The International Monetary Fund (IMF) has just recently approved for the Nigerian government, the sum of US$3.4 billion in emergency financial assistance in an effort to take advantage of the Rapid Financing Instrument to support the authorities’ efforts in addressing the severe economic impact of the COVID-19 shock and the sharp fall in oil prices.

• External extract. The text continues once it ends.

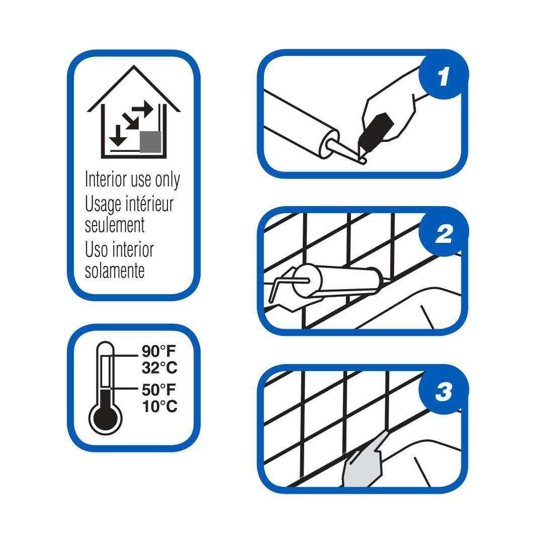 Premium sanded acrylic caulk by Mapei. This interior caulk is easy to use, easy to clean and formulated to match all of Mapei’s grout colours and textures. It is washable, paintable and mildew resistant. Ideal to fill voids up to 6 mm (1/4 ”) and redo the joints cracked or faded grout. Also serves as a sealant around sinks, tubs, showers, countertops and ceramic tiles. Let dry at least 4 to 6 hours before painting and protect from water exposure until fully cured for at least 72 hours. This sealant comes in a 311 mL gun’s cartridge for easy application and it is VOC compliant.
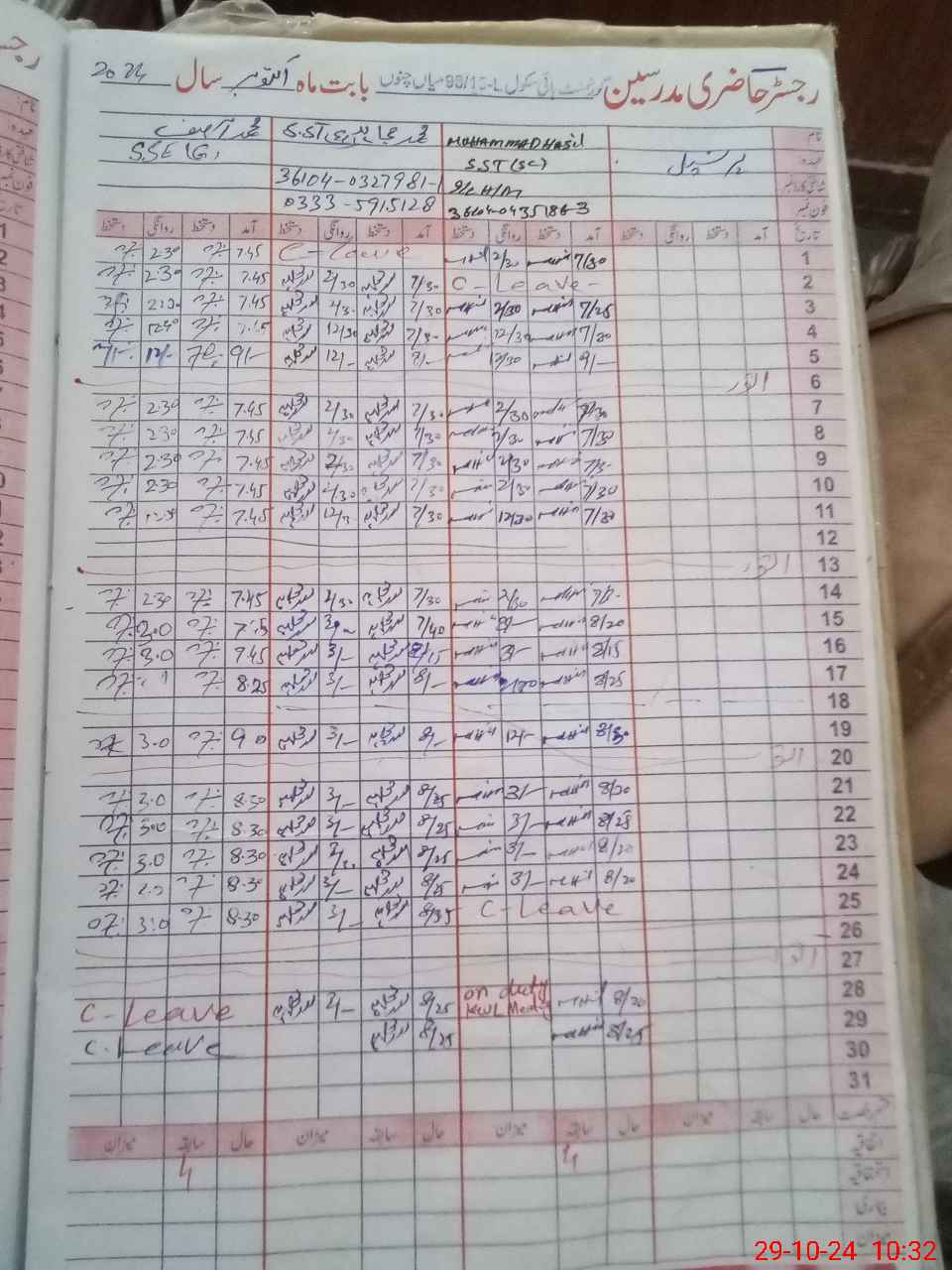 | Name: MHa**** Designation: (School Headmaster's/Headmistress's) S.S.T.(Science) Phone/Cell Number: 03**** |

This was revealed in a publication on the organization’s official website, dated 28th April, 2020. The Nigerian government just confirmed receipt of the sum as at yesterday, 6th May, 2020.

To the uninitiated, this is cheering news and would easily provide the Nigerian State with the much needed assistance in providing a buffer for the Small and Micro Enterprise sector of the economy, which experts agree is the main driver of the GDP of any modern economy.

However, this development is nothing exiting to anyone who has followed the trajectory of the actual utilization of such monetary interventions in the past, under the guise of addressing economic or any other crisis that ails the Nigerian people.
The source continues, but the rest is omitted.